(Stored items)
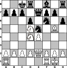 game notation in PGN-format [Event ""] [Site "www.myChess.de"] [Date "2005.07.31"] [Round "1"] [White "Chlodwig"] [Black "Vouivre"] [ECO "A40"] [WhitemyELO "1605"] [BlackmyELO "1521"] [Result "1-0"] [TimeControl "10/2592000"] [WhiteDays "60"] [BlackDays "59"] [MyChessNo "15655"] 1. d4 e5 2. dxe5 d6 3. Nf3 Nc6 4. Nc3 Bg4 5. e4 Nxe5 6. Be2 Nf6 7. O-O Qe7 8. Nd4 Bxe2 9. Qxe2 O-O-O 10. Bg5 h6 11. Nd5 1-0 position notation in FEN-format 2kr1b1r/ppp1qpp1/3p1n1p/3Nn1B1/3NP3/8/PPPPQPPP/R4RK1 - - - 1 11 Captured white pieces: Captured black pieces: Click on a captured piece in order to display the desired move!
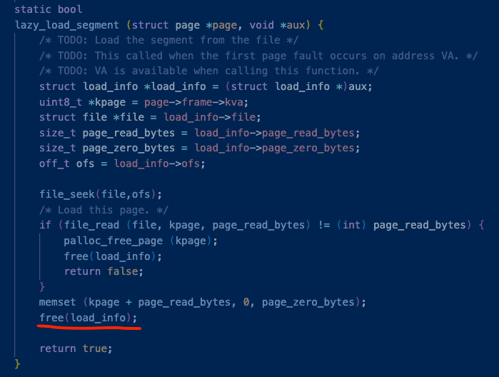 근데 이때, page 시작부분을 체크하는 uninit 에 aux값으로 저장해놓는 load_info 구조체가 있다.
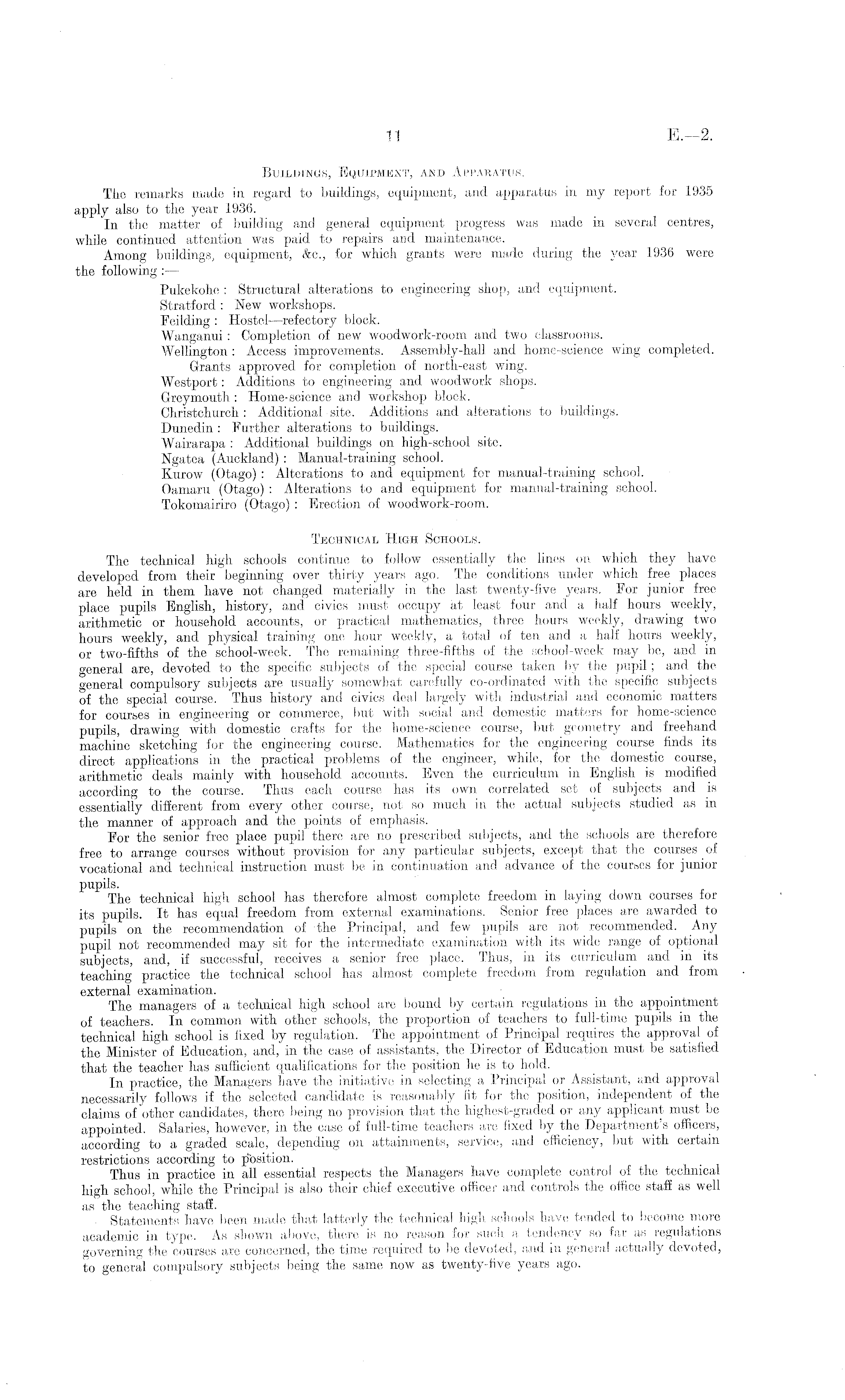 Buildings, Equipment, and Apparatus. The remarks made in regard to buildings, equipment, and apparatus in my report for 1935 apply also to tie year 1936. In the matter of building and general equipment progress was made in several centres, while continued attention was paid to repairs and maintenance. Among buildings, equipment, &c., for which grants were made during the year 1936 were the following : — Pukekohe : Structural alterations to engineering shop, and equipment. Stratford : New workshops. Feilding : Hostel —refectory block. Wanganui: Completion of new woodwork-room and two classrooms. Wellington : Access improvements. Assembly-hall and home-science wing completed. Grants approved for completion of north-east wing. Westport: Additions to engineering and woodwork shops. Greymouth : Home-science and workshop block. Christchurch : Additional site. Additions and alterations to buildings. Dunedin : Further alterations to buildings. Wairarapa : Additional buildings on high-school site. Ngatea (Auckland) : Manual-training school. Kurow (Otago) : Alterations to and equipment for manual-training School. Oamaru (Otago) : Alterations to and equipment for manual-training school. Tokomairiro (Otago) : Erection of woodwork-room. Technical High Schools. The technical high schools continue to follow essentially the lines on which they have developed from their beginning over thirty years ago. The conditions under which free places are held in them have not changed materially in the last twenty-five years. For junior free place pupils English, history, and civics must occupy at least four and a half hours weekly, arithmetic or household accounts, or practical mathematics, three hours weekly, drawing two hours weekly, and physical training one hour weekly, a total of ten and a half hours weekly, or two-fifths of the school-week. The remaining three-fifths of the school-week may be, and in general are, devoted to the specific subjects of the special course taken by the pupil ; and the general compulsory subjects are usually somewhat carefully co-ordinated with the specific subjects of the special course. Thus history and civics deal largely with industrial and economic matters for courses in engineering or commerce, but with social and domestic matters for home-science pupils, drawing with domestic crafts for the home-science course, but geometry and freehand machine sketching for the engineering course. Mathematics for the engineering course finds its direct applications in the practical problems of the engineer, while, for the domestic course, arithmetic deals mainly with household accounts. Even the curriculum in English is modified according to the course. Thus each course has its own correlated set of subjects and is essentially different from every other course, not so much in the actual subjects studied as in the manner of approach and the points of emphasis. For the senior free place pupil there are no prescribed subjects, and the schools are therefore free to arrange courses without provision for any particular subjects,. except that the courses of vocational and technical instruction must be in continuation and advance of the courses for junior pupils. The technical high school has therefore almost complete freedom in laying down courses for its pupils. It has equal freedom from external examinations. Senior free places are awarded to pupils on the recommendation of the Principal, and ,few pupils are not recommended. Any pupil not recommended may sit for the intermediate examination with its wide range of optional subjects, and, if successful, receives a senior free place. Thus, in its curriculum and in its teaching practice the technical school has almost complete freedom from regulation and from external examination. The managers of a technical high school are bound by certain regulations in the appointment of teachers. In common with other schools, the proportion of teachers to full-time pupils in the technical high school is fixed by regulation. The appointment of Principal requires the approval of the Minister of Education, and, in the case of assistants, the Director of Education must be satisfied that the teacher has sufficient qualifications for the position he is to hold. In practice, the Managers have the initiative in selecting a Principal or Assistant, and approval necessarily follows if the selected candidate is reasonably fit for the position, independent of the claims of other candidates, there being no provision that the highest-graded or any applicant must be appointed. Salaries, however, in the case of full-time teachers are fixed by the Department's officers, according to a graded scale, depending on attainments, service, and efficiency, but with certain restrictions according to position. Thus in practice in all essential respects the Managers have complete control of the technical high school, while the Principal is also their chief executive officer and controls the office staff as well as the teaching staff. Statements have been made that latterly the technical high schools have tended to become more academic in type. As shown above, there is no reason for such a tendency so far as regulations governing the courses are .concerned, the time required to be devoted, and in general actually devoted, to general compulsory subjects being the same now as twenty-five years ago.
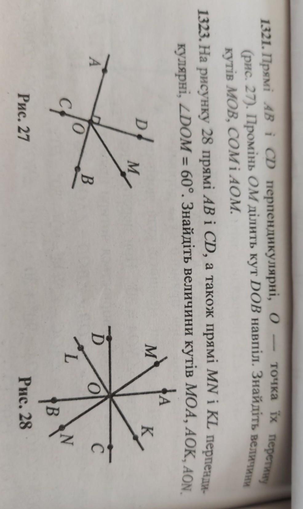 1323. Т.к. АВ⊥СD, MN⊥KL, ∠DОМ=60°, то ∠МОА=∠АОD-∠DОМ=90°-60°=30°;
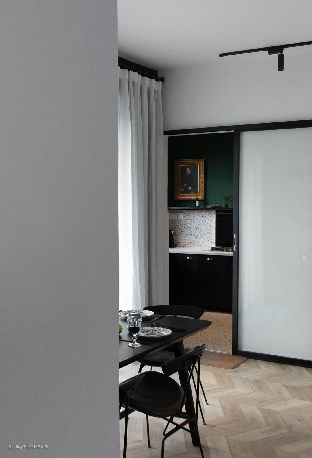 从餐厅看厨房,简洁的轨道玻璃门和黑色的餐桌是不是很搭呢。

## Assignment
For this exercise, copy each line of the data above exactly, from the first through the line containing "근데 이때, page", and drop the pictures.

## Finished exercise
 game notation in PGN-format [Event ""] [Site "www.myChess.de"] [Date "2005.07.31"] [Round "1"] [White "Chlodwig"] [Black "Vouivre"] [ECO "A40"] [WhitemyELO "1605"] [BlackmyELO "1521"] [Result "1-0"] [TimeControl "10/2592000"] [WhiteDays "60"] [BlackDays "59"] [MyChessNo "15655"] 1. d4 e5 2. dxe5 d6 3. Nf3 Nc6 4. Nc3 Bg4 5. e4 Nxe5 6. Be2 Nf6 7. O-O Qe7 8. Nd4 Bxe2 9. Qxe2 O-O-O 10. Bg5 h6 11. Nd5 1-0 position notation in FEN-format 2kr1b1r/ppp1qpp1/3p1n1p/3Nn1B1/3NP3/8/PPPPQPPP/R4RK1 - - - 1 11 Captured white pieces: Captured black pieces: Click on a captured piece in order to display the desired move!
 근데 이때, page 시작부분을 체크하는 uninit 에 aux값으로 저장해놓는 load_info 구조체가 있다.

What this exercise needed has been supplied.